- **Exercise details**: Locate the line bearing "今日咲いてた銅葉のキンギョソウとピンクのキンギョソウ" in the material below, then reproduce it and each following line up to and including the line bearing "- 24K Gold Effect: gold".

- **The input**:
------------------------------------------------
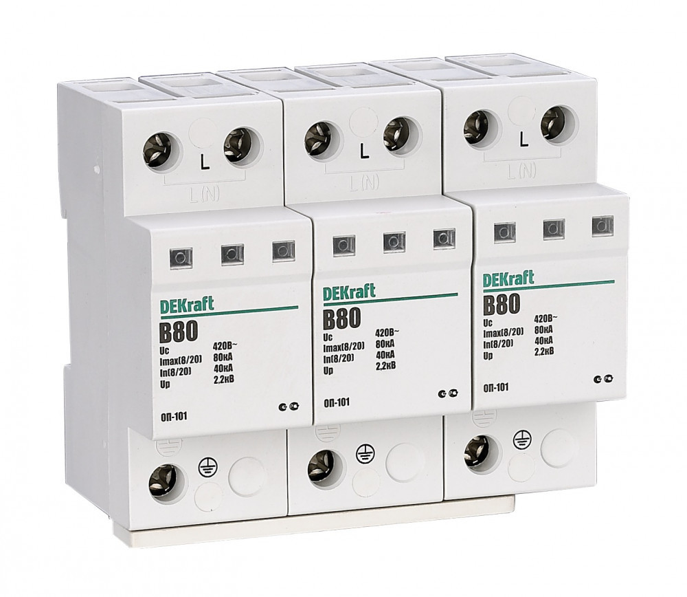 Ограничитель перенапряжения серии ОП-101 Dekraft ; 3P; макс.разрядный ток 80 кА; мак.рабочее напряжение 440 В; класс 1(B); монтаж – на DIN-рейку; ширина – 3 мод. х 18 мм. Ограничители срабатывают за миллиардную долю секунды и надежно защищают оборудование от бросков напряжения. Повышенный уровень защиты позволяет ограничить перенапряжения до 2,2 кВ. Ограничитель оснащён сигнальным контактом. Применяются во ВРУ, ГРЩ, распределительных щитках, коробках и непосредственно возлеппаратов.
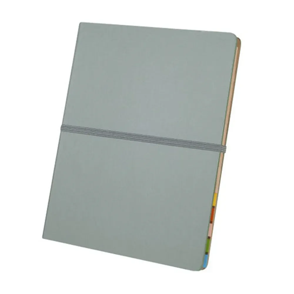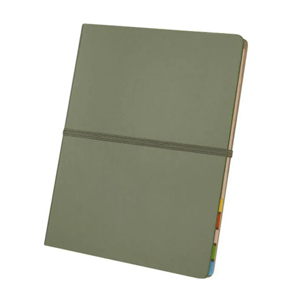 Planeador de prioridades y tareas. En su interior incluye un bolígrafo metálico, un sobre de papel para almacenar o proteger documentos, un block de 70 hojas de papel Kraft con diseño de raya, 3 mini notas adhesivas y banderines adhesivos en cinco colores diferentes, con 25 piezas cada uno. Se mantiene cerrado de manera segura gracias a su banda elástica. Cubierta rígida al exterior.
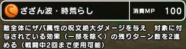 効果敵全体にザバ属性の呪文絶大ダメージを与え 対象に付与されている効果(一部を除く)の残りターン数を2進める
------------------------------------------------
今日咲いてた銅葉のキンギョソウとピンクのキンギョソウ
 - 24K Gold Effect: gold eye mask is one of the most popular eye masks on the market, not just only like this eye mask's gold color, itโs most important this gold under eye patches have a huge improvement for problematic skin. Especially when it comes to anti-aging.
------------------------------------------------
- **Finished exercise**:
今日咲いてた銅葉のキンギョソウとピンクのキンギョソウ
 - 24K Gold Effect: gold eye mask is one of the most popular eye masks on the market, not just only like this eye mask's gold color, itโs most important this gold under eye patches have a huge improvement for problematic skin. Especially when it comes to anti-aging.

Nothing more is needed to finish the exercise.